Joseph Kabila a plus d’une fois exprimé son estime envers cet homme. Douter qu’il peut être désigné candidat Président de la République qui va représenter la Majorité présidentielle, relèverait de la naïveté. Il faut l’écarter de la course, décident les responsables des rumeurs sur son départ du PPRD.

Dans un passé récent, ce constitutionnaliste à qui la configuration de l’Assemblée nationale actuelle est attribuée à tord ou à raison, est passée à deux doigts de la primature, à cause d’une campagne organisée contre lui.

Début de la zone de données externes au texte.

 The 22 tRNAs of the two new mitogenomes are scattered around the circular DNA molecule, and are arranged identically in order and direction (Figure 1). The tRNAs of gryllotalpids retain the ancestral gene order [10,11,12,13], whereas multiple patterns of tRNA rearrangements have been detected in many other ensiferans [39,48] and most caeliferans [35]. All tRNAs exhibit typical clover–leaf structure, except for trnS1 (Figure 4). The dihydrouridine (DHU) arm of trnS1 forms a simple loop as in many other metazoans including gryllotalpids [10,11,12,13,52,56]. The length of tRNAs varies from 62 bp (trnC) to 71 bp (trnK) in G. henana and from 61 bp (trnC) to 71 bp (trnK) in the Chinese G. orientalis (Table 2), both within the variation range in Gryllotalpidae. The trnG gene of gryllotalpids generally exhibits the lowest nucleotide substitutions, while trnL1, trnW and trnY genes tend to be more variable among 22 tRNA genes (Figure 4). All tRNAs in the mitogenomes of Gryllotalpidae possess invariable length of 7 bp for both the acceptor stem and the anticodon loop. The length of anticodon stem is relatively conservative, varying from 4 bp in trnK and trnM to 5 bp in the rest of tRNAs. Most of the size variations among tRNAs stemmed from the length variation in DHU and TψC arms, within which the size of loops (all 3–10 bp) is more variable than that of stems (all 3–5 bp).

Immaculé ou entaché, l’affaire de la SNEL et celle des fonctionnaires du palais du peuple ont pesé lourdement sur son dos, de telle sorte qu’il n’a pas pu avancer jusqu’où se trouvait le siège du Premier Ministre. Joseph Kabila l’a quand même placé au somment de son cabinet. L’histoire veut se répéter et le maître à jouer se montre déterminé à ne pas laisser ses assassins politiques répétés leur histoire d’assassinat politique.
Evariste Boshab, Candidat de la MP ?

Il est une évidence, le Vice-premier Ministre, Ministre de l’intérieur honoraire dispose de beaucoup d’atouts pour briguer la magistrature suprême de la RDC. Son intelligence. C’est un professeur à thèse, enseignant le droit constitutionnel à l’Université de Kinshasa. Auteur de plusieurs publications.

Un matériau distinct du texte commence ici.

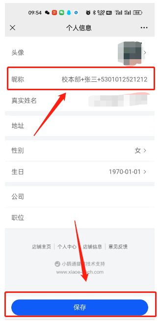 3、 在“个人信息”页面,点击“昵称”修改备注为“教学点+姓名+身份证号”,例如教学点在校本部的,备注为“校本部+张三+5301011……214121”,点击“保存”备注即修改完成。

L’un des stratégistes clés de Joseph Kabila en décisions politiques. A l’intelligence, s’ajoute l’expérience dans la gestion, expérience acquise grâce à l’exercice de plusieurs fonctions au sein de l’Etat ou de sa famille politique. Il ne faut pas non plus oublier sa loyauté envers Joseph Kabila qui justifie la confiance que lui fait ce dernier.

Aucune dissension observée entre les deux depuis leur mariage. Une ascension continuelle observée dans la vie de l’inconnu Evariste Boshab, d’il y a quinze ans.

Cependant, son passage à la vice-primature, ministère de l’intérieur n’a pas beaucoup contribué à sa grandeur dans la scène politique congolaise. La loi électorale présentée et défendue au parlement qui a occasionné les manifestations du 19, 20 et 21 janvier 2015, le dédoublement des partis politiques de l’opposition, ceux jadis membres de la MP et actuellement au G7, nés alors qu’il a en charge l’intérieur, la répression et l’interdiction des manifestations publiques qui lui ont valu des sanctions du gouvernement américain, ont largement contribué à la dégradation de son image dans l’opinion locale et internationale, à tel enseigne qu’il ne figurera même pas au gouvernement né de l’accord politique du 18 octobre 2016.

Décider en faveur ou en défaveur de la candidature d’Evariste Boshab à la prochaine présidentielle, c’est jongler entre ses forces et ses faiblesses, tout en s’inscrivant dans le contexte actuel. L’enjeux est de taille.